Mr Véran told the French Senate’s law commission that there are thirty departments “which found themselves with more slots than they had doses”. However, he pointed the finger at local authorities, saying they had promised vaccinations to patients without having the necessary doses available.

One other problem is that France has received less doses of the vaccine than expected.

On January 15 Pfizer, which manufactures the most widely used vaccine in France, announced delays in its vaccine deliveries to Europe due to issues at a plant in Belgium.

Strike call from teaching unions

France’s National Education employees are being called out on strike today, to protest about low pay, working conditions – which unions say have deteriorated further with the Covid-19 pandemic – and the management of the health crisis by bosses.

Six trade unions (FSU, FO, CGT, SUD, SNLC, Snalc), which represent three out of four teachers, are calling for a strike, and they are asking parents and students to join them in protesting.

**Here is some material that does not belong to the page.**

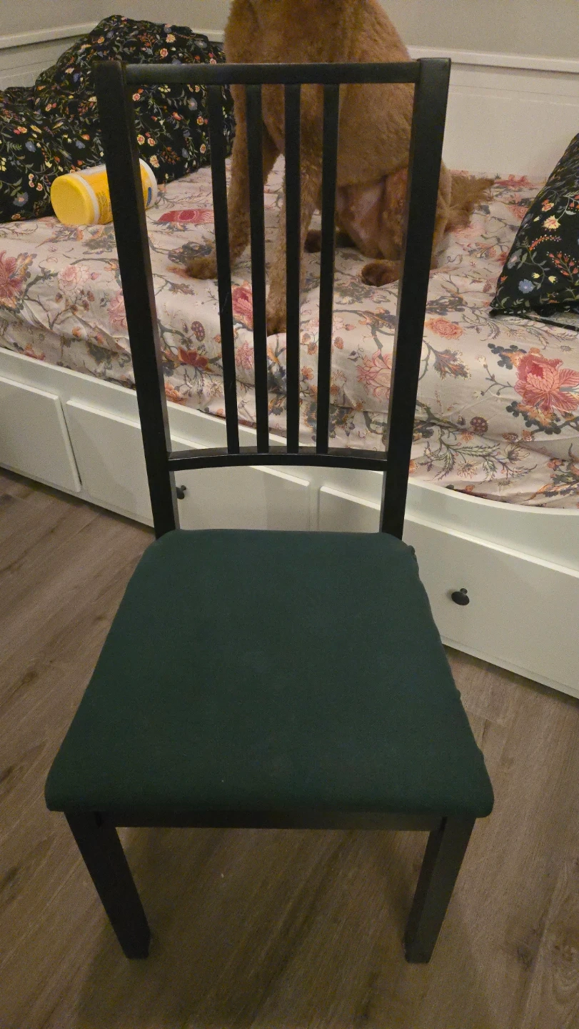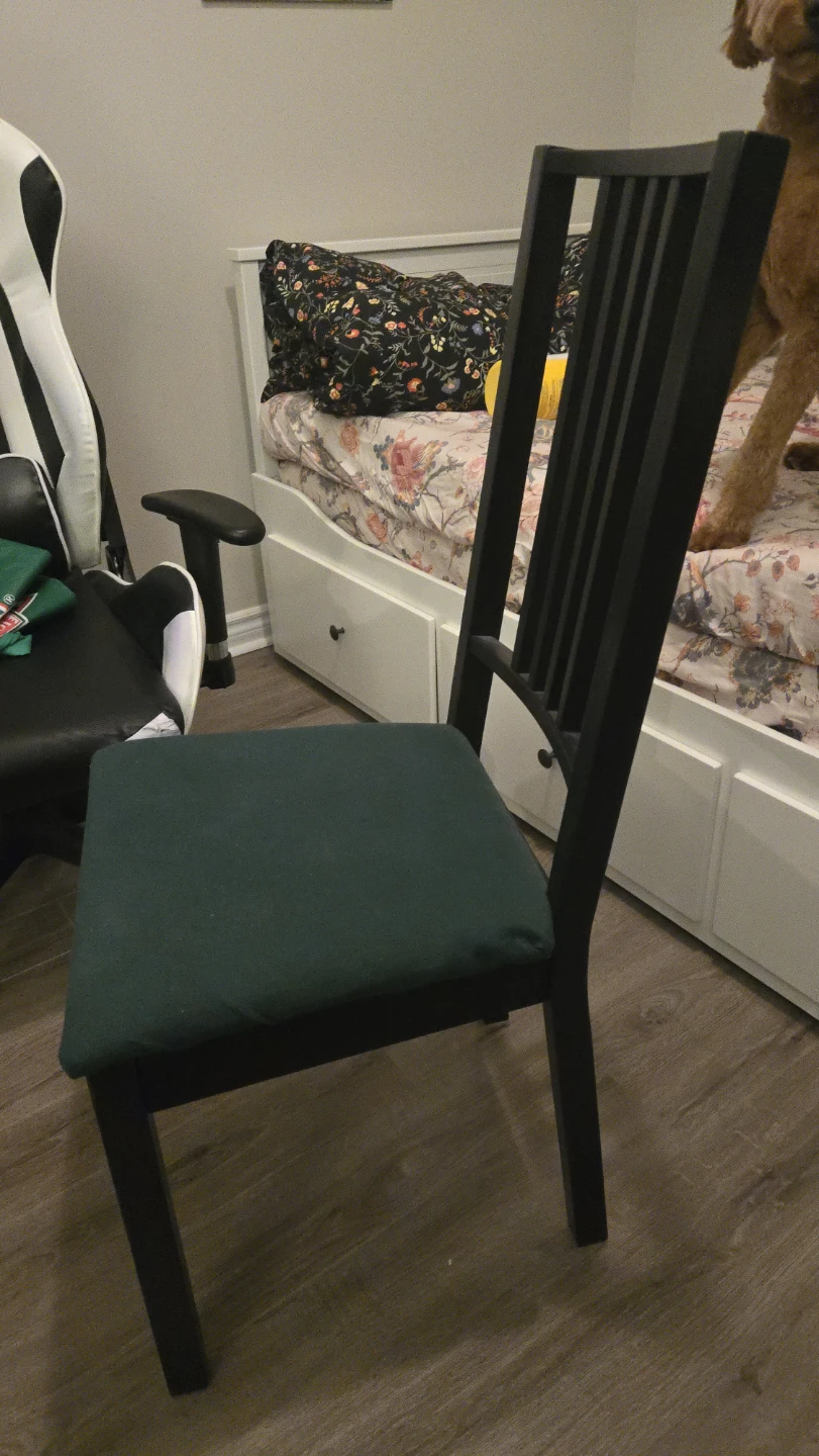 Selling a sturdy black IKEA dining chair! It has a comfortable green seat cushion. Perfect for adding extra seating to your dining area or kitchen.

Help for struggling students

Last Thursday, President Emmanuel Macron promised all university students two meals a day for one euro to help them cope during lockdown. He also promised subsidies to pay for counselling and other mental health services.

It follows protests in which students called for more help to tackle loneliness and financial problems.

“We must be able to provide better support,” he said at a meeting with students in Paris.

Macron also agreed with some students’ calls for more on-campus time plus face-to-face teaching.

“Given what your generation has already gone through, we cannot but take into account your right to some on-site presence, to exchange with your teachers, and to meet with other students,” he said.